**What the task asks:** Repeat, exactly and in full, the lines of the listing below, but without any pictures.

**Stored data:**
┌──

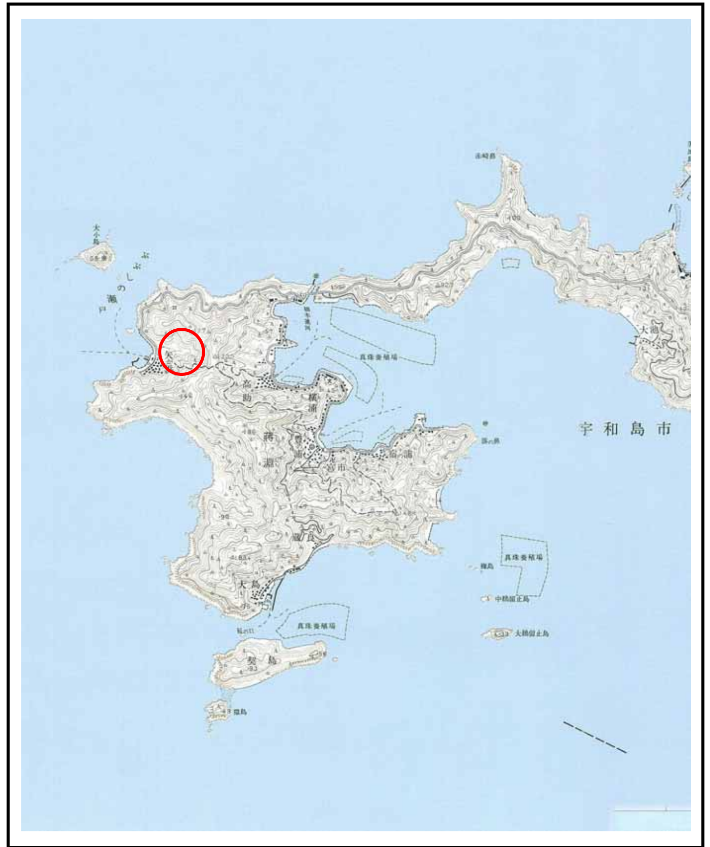
様式 - 1 (土) 土砂災害警戒区域・土砂災害特別警戒区域 位置図
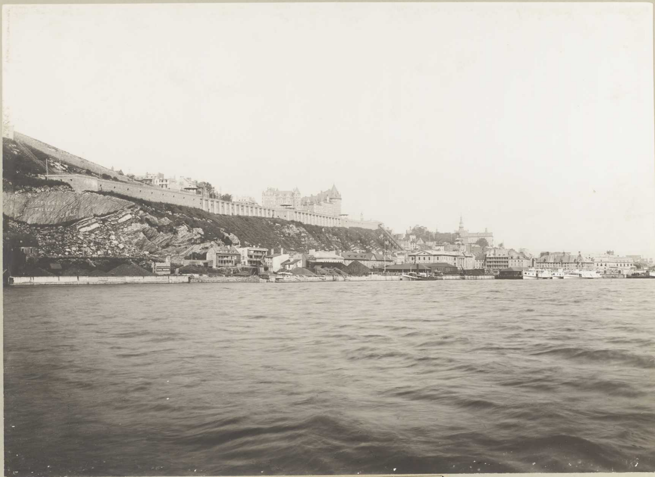
VUE DE QUÉBEC (Canada)
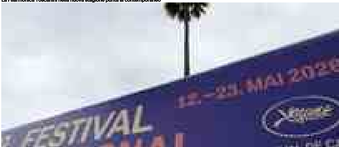
Cannes line up, le 10 cose da sapere del festival 2026
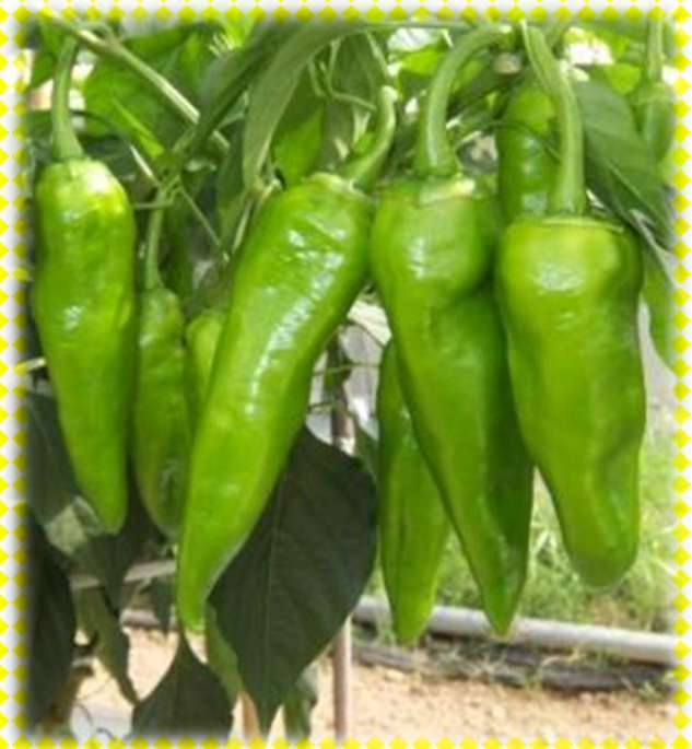
長青椒 珊瑚 Coral

└──

**Solution to this problem:**
様式 - 1 (土) 土砂災害警戒区域・土砂災害特別警戒区域 位置図
VUE DE QUÉBEC (Canada)
Cannes line up, le 10 cose da sapere del festival 2026
長青椒 珊瑚 Coral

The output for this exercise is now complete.